(About this task) The job is to output each record exactly as it stands, pictures excluded.

(Records from a data source)

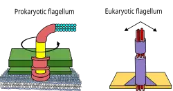 Algunas células eucariotas también utilizan flagelos, que pueden encontrarse en algunas protistas y plantas, así como en células animales. Los flagelos eucariotas son proyecciones celulares complejas que se mueven hacia delante y hacia atrás, en lugar de circularmente. Los flagelos procariotas utilizan un motor rotatorio y los eucariotas un complejo sistema de filamentos deslizantes. Los flagelos eucariotas son impulsados por ATP, mientras que los procariotas pueden ser impulsados por ATP (arqueas) o por protones (bacterias).[22]
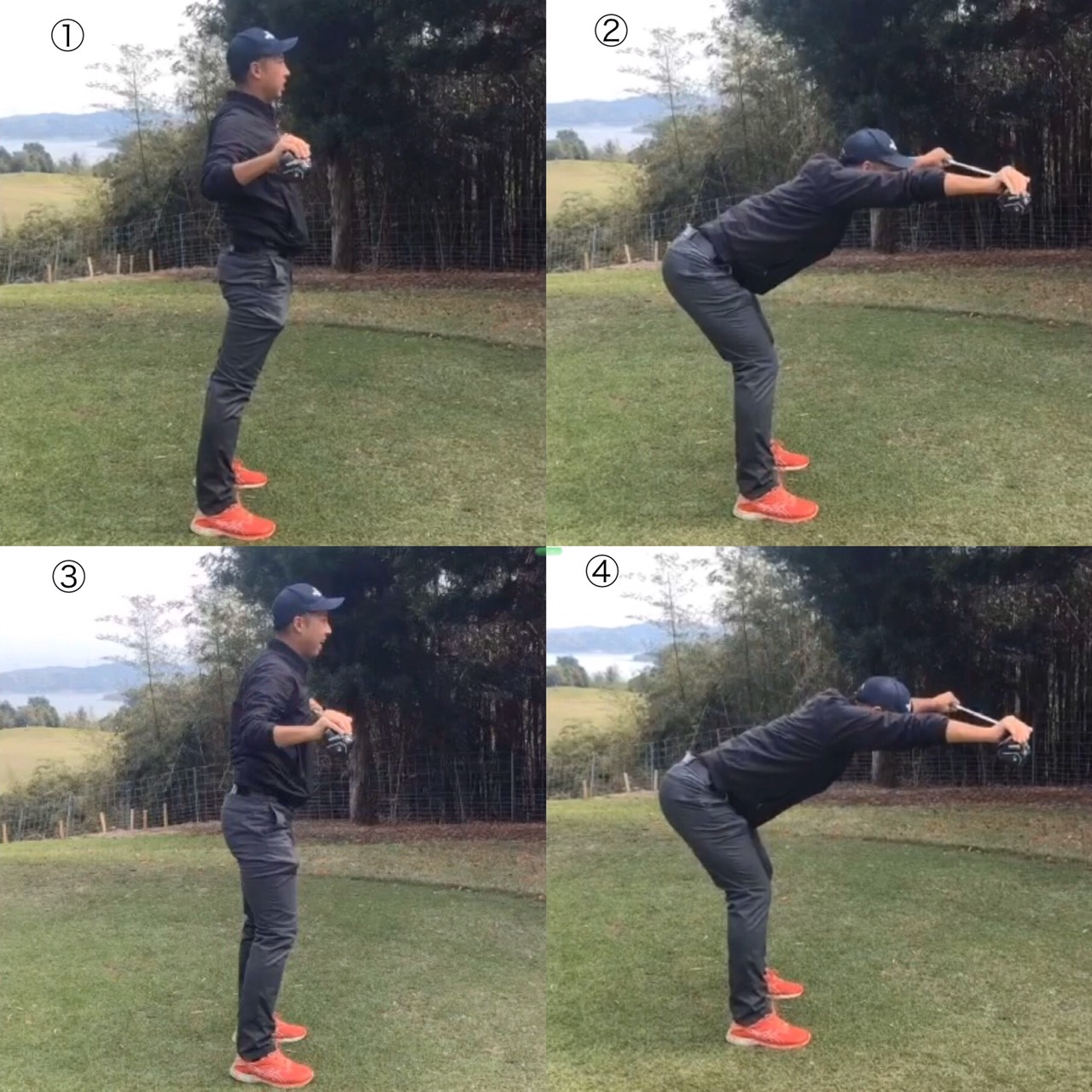 次は、アドレスを取る為に必要な体の前傾を作る為のトレーニングです!
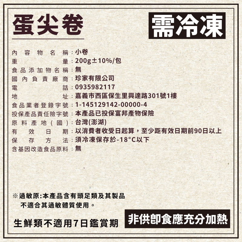 ◍品名:船凍鮮甜蛋小卷 ◍商品重(容)量:200g±10%/包 ◍內容物名稱(成份):小卷 ◍原產地(國):台灣澎湖 ◍包裝:袋裝 ◍保存方式:-18°C冷凍保存 ◍製造廠商或國內負責廠商名稱:珍家有限公司 ◍製造廠商或國內負責廠商地址:嘉義市西區保生里興達路301號1樓 ◍製造廠商或國內負責廠商電話:0935982117 ◍食品業者登錄字號:I-145129142-00000-4 ◍投保產品責任險字號:本產品已投保富邦產物保險 ◍生鮮類不適用7日鑑賞期 備註欄: ※過敏原資訊:本產品含頭足類 ※圖片僅供參考,依實際供貨商品為準。 ※商品如經拆封、使用,以致缺乏完整性時,恕無法退換貨。 ※商品屬於易於腐敗商品,依通訊交易解除權合理例外情事適用準則第2條第1款規定,不適用消費者保護法第19條之適用。因商品因消費者保存方式不當導致腐敗,基於食品安全,亦同。 (1)商品內容物以實物為準,商品顏色可能因各顯示器設定而有差異。 (2)本商品為食品,基於衛生考量,一經拆封恕無法退貨。 (3)商品若於送達時即有損壞,請於收貨後立即拍照存證,並立即聯絡客服人員。 一般家庭冰箱,冷凍僅約-18°C,建議購買後盡早食用。 有別於業務型-24°C冷凍設備條件,將無法長期儲存。
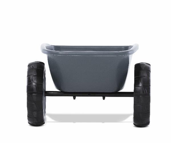 Volquete de plástico sujetado por una estructura metálica y con dos ruedas de EVA.
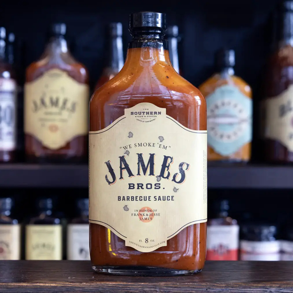 The saying "We Smoke 'Em," inspired by the notorious Jesse James, is the mantra on this barbecue sauce from James Bros BBQ Sauce. It has a hint of spice.
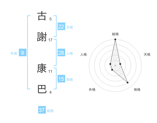 古謝 康巴さんを姓名の画数から五運を鑑定
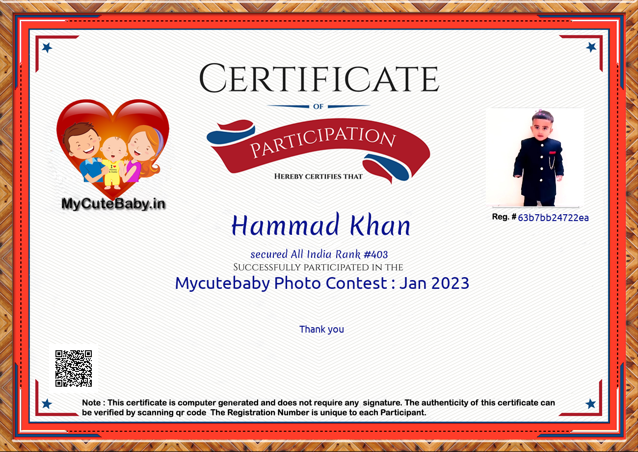 Participation certificate for all the participants whose mycutebaby votes are more than 1000.
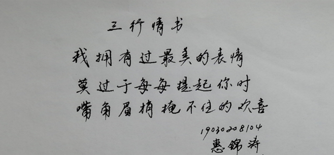 在“表白XATU:赠一纸情书 许青春韶华”三行情书征集活动中,材化学子用一封情书凝聚了对母校的热爱、思念与祝福,用纸笔书写心声,短短三行,纸短情长,一字一句都是青年学子对母校的告白。
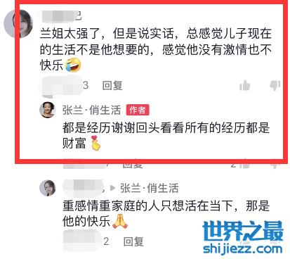 其中,有一位网友说:“说实话,总感觉汪小菲的生活不是他想要的,感觉他没有激情也不快乐”,张兰似乎也承认了这一点,汪小菲现在老婆和另一个男人结婚了,绯闻女友张颖颖也撇清了关系,事业上也不顺,不过张兰的回应是:“都是经历,回头看看所有的经历都是财富”。
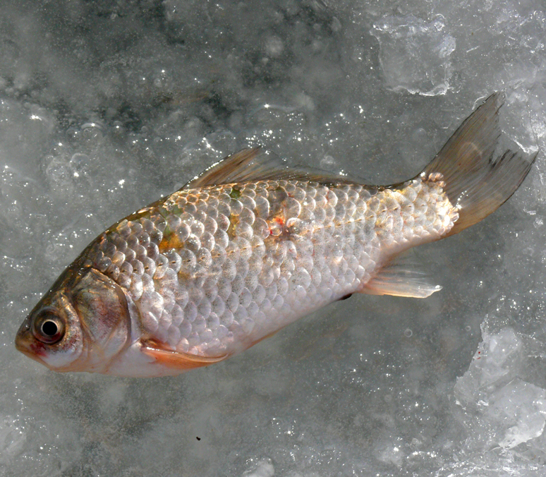 붕어가 나오자 말자 바로 얼어 버립니다.

(The answer)
 Algunas células eucariotas también utilizan flagelos, que pueden encontrarse en algunas protistas y plantas, así como en células animales. Los flagelos eucariotas son proyecciones celulares complejas que se mueven hacia delante y hacia atrás, en lugar de circularmente. Los flagelos procariotas utilizan un motor rotatorio y los eucariotas un complejo sistema de filamentos deslizantes. Los flagelos eucariotas son impulsados por ATP, mientras que los procariotas pueden ser impulsados por ATP (arqueas) o por protones (bacterias).[22]
 次は、アドレスを取る為に必要な体の前傾を作る為のトレーニングです!
 ◍品名:船凍鮮甜蛋小卷 ◍商品重(容)量:200g±10%/包 ◍內容物名稱(成份):小卷 ◍原產地(國):台灣澎湖 ◍包裝:袋裝 ◍保存方式:-18°C冷凍保存 ◍製造廠商或國內負責廠商名稱:珍家有限公司 ◍製造廠商或國內負責廠商地址:嘉義市西區保生里興達路301號1樓 ◍製造廠商或國內負責廠商電話:0935982117 ◍食品業者登錄字號:I-145129142-00000-4 ◍投保產品責任險字號:本產品已投保富邦產物保險 ◍生鮮類不適用7日鑑賞期 備註欄: ※過敏原資訊:本產品含頭足類 ※圖片僅供參考,依實際供貨商品為準。 ※商品如經拆封、使用,以致缺乏完整性時,恕無法退換貨。 ※商品屬於易於腐敗商品,依通訊交易解除權合理例外情事適用準則第2條第1款規定,不適用消費者保護法第19條之適用。因商品因消費者保存方式不當導致腐敗,基於食品安全,亦同。 (1)商品內容物以實物為準,商品顏色可能因各顯示器設定而有差異。 (2)本商品為食品,基於衛生考量,一經拆封恕無法退貨。 (3)商品若於送達時即有損壞,請於收貨後立即拍照存證,並立即聯絡客服人員。 一般家庭冰箱,冷凍僅約-18°C,建議購買後盡早食用。 有別於業務型-24°C冷凍設備條件,將無法長期儲存。
 Volquete de plástico sujetado por una estructura metálica y con dos ruedas de EVA.
 The saying "We Smoke 'Em," inspired by the notorious Jesse James, is the mantra on this barbecue sauce from James Bros BBQ Sauce. It has a hint of spice.
 古謝 康巴さんを姓名の画数から五運を鑑定
 Participation certificate for all the participants whose mycutebaby votes are more than 1000.
 在“表白XATU:赠一纸情书 许青春韶华”三行情书征集活动中,材化学子用一封情书凝聚了对母校的热爱、思念与祝福,用纸笔书写心声,短短三行,纸短情长,一字一句都是青年学子对母校的告白。
 其中,有一位网友说:“说实话,总感觉汪小菲的生活不是他想要的,感觉他没有激情也不快乐”,张兰似乎也承认了这一点,汪小菲现在老婆和另一个男人结婚了,绯闻女友张颖颖也撇清了关系,事业上也不顺,不过张兰的回应是:“都是经历,回头看看所有的经历都是财富”。
 붕어가 나오자 말자 바로 얼어 버립니다.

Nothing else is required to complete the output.